REPUBLIKA.CO.ID, JAKARTA -- Syekh Ibrahim bin Adham merupakan seorang sufi yang hidup pada abad kedua Hijriyah. Alkisah, pakar tasawuf yang akrab disapa Abu Ishaq itu menggelar majelis ilmu di sebuah masjid.
Saat sesi tanya-jawab, tampak seseorang dari barisan belakang mengangkat tangannya. Ia hendak mengajukan pertanyaan kepada sang syekh.

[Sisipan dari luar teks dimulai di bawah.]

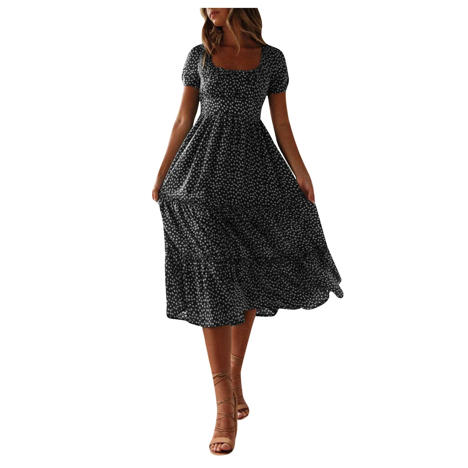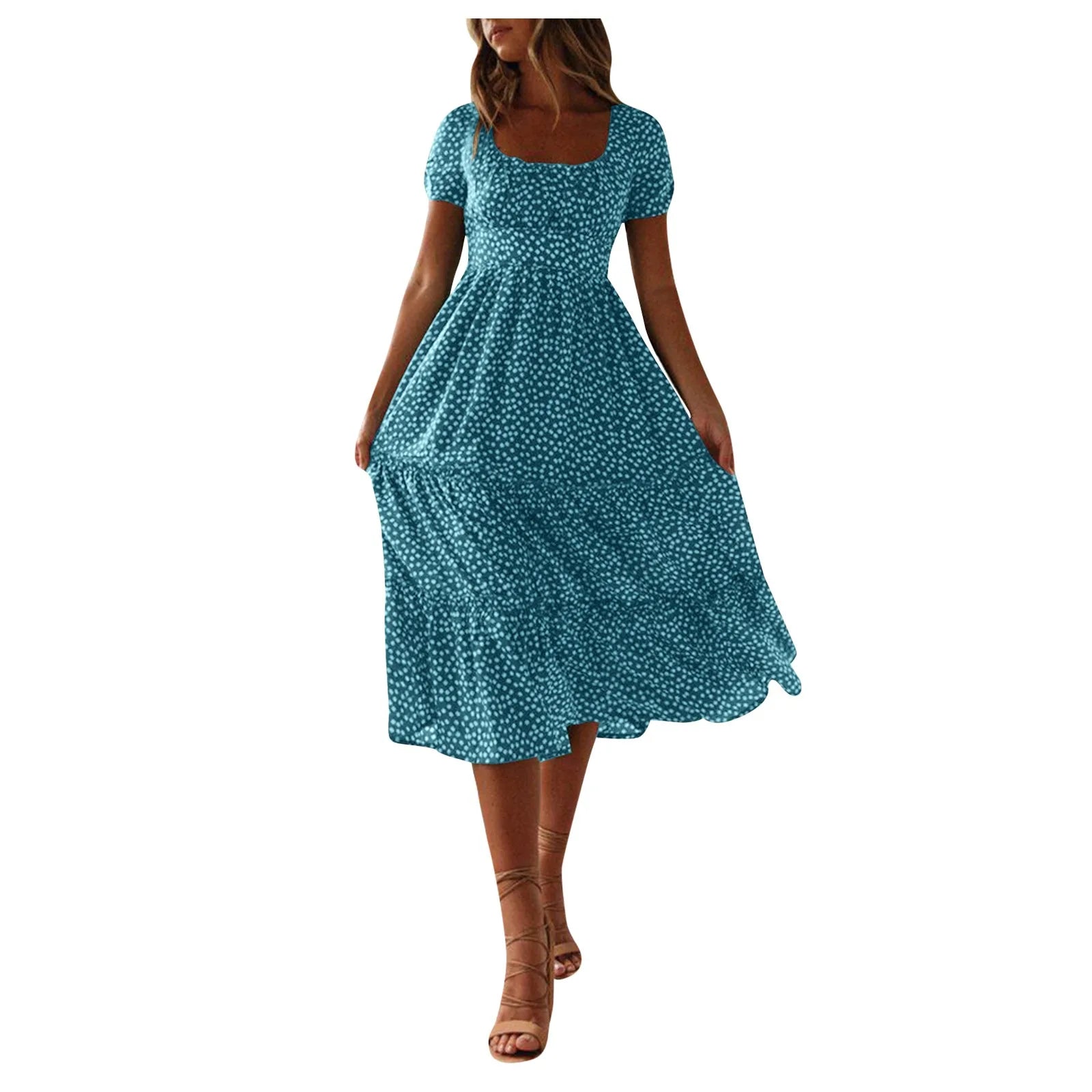 • FEATURES Womens Dresses Summer Dresses For Women Beach Dresses For Women Square Neck With Elastic Trim Short Sleeves With Elastic Cuff Self Tie Back Backless Elastic High Waist Smocked Back Waist Floral Print Swing Ruffle Hem And A Line Shape Above Knee Length
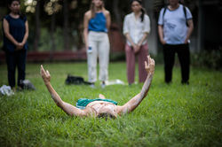 She introduces her work as influenced by the lineage and stories of the Waka Waka people of south-eastern Queensland. She invites us to pass around a blue (toothed) tube of recorded sound and lays her body down in the centre of the circle.
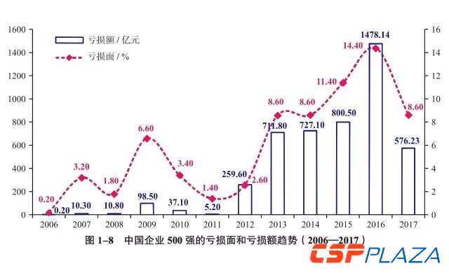 2017中國企業500強分析報告顯示,2017中國企業500強上榜企業虧損面和虧損額近五年來首次大幅減少。2017中國企業500強中,虧損企業有43家,虧損面為8.6%,虧損面較上年的14.4%大幅下降;43家企業的虧損額達到576.23億元,較上年也大幅下降。
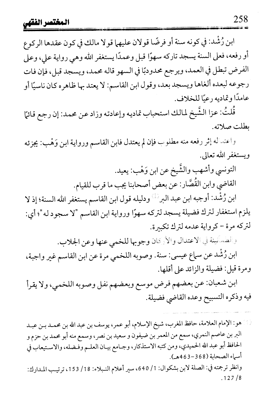 ابن رُشد: أوجبه ابن عبد البر ودليله قول ابن القاسم يستغفر الله السنة؛ إذ لا يلزم استغفار لترك فضيلة يسجد لتركه سهوًا ورواية ابن القاسم "لا سجود له"؛ أي: لتركه مرة - كرواية عدمه لترك تكبيرة.
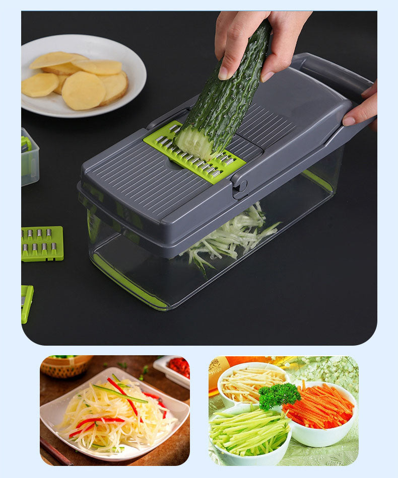 【11-IN-1 KITCHEN TOOLS 】12 accessories, Multi-Functional, 8 interchangeable blades and extra peeler, through which you can get big or small, thick or thin slice, shreds or julienne. The blades allow flexibility to easily Cut, Slice, Dice, Chop Fruits & Vegetables in Shapes & Sizes for Minimum Time. Easy disassembly and installation.
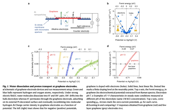 1. 強電場(>10? V/m)在石墨烯-水界面顯著加速水解離,質子電流隨電場指數增長,定量符合昂薩格理論(ε?≈6)

Dengan gugup, lelaki ini memperkenalkan diri. Namanya ialah Jahdar bin Rabiah.
Untuk sesaat, ia terdiam, seperti hendak mengumpulkan nyali sebelum bersuara.

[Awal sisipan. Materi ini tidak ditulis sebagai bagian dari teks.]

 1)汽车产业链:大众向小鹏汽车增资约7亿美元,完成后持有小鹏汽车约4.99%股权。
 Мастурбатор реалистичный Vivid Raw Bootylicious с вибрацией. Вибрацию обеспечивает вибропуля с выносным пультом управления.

“Wahai, Abu Ishaq!” katanya kemudian, “aku selama ini gemar bermaksiat. Sudah berulang kali bertobat, tetapi kembali jatuh dalam dosa-dosa yang sama. Berikanlah untukku nasihat!”

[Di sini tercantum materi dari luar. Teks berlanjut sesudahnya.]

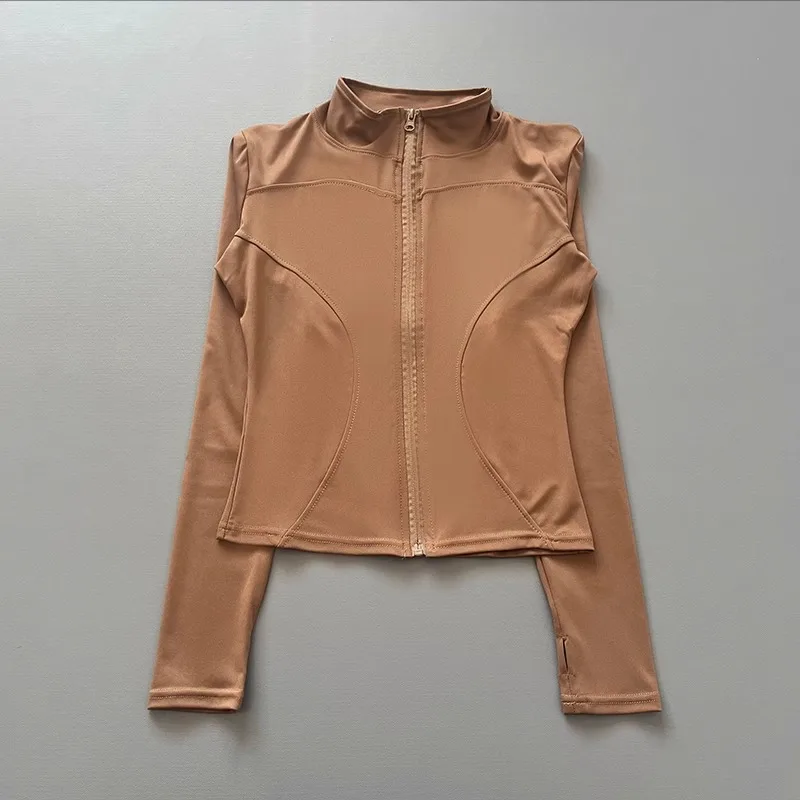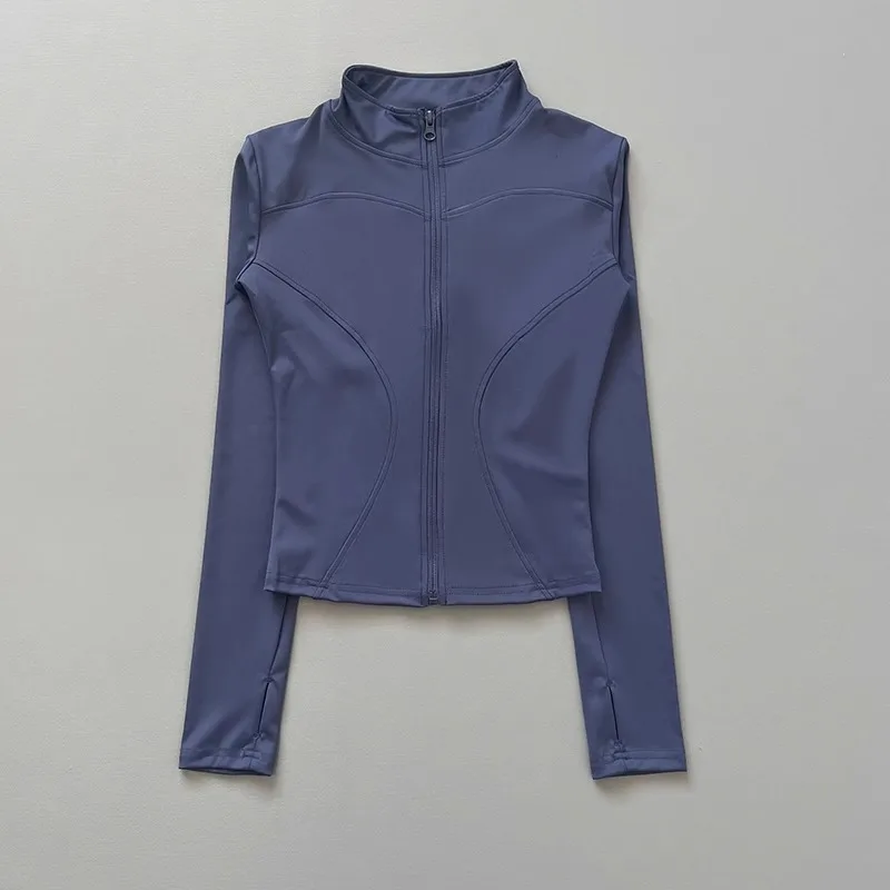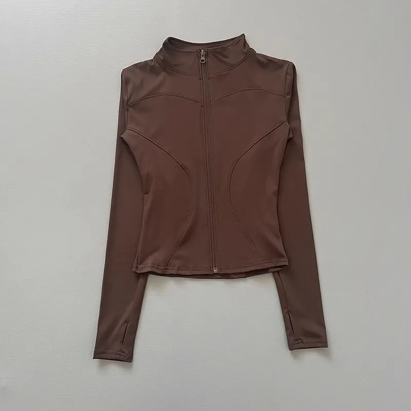 Giacca da allenamento da donna elasticizzata aderente con zip frontale manica lunga da corsa yoga dimagrante colletto rialzato checca la vita Sportswe ad asciugatura rapida 1Giacca da allenamento da donna elasticizzata aderente con zip frontale manica lunga da corsa yoga dimagrante colletto rialzato checca la vita Sportswe ad asciugatura rapida

Syekh Ibrahim bin Adham mengangguk perlahan.
“Akan kusebutkan lima syarat. Jika mampu melakukan semuanya, engkau boleh saja kembali melakukan maksiat,” kata sufi ini.
Mendengar itu, Jahdar terkejut. “Apa saja syarat-syarat itu, wahai Syekh?” tanyanya.
“Pertama, engkau boleh bermaksiat, asalkan jangan menikmati rezeki atau karunia dari Allah Ta'ala."
“Bukankah semua yang manusia nikmati adalah rezeki dari Allah, ya Syekh?” katanya.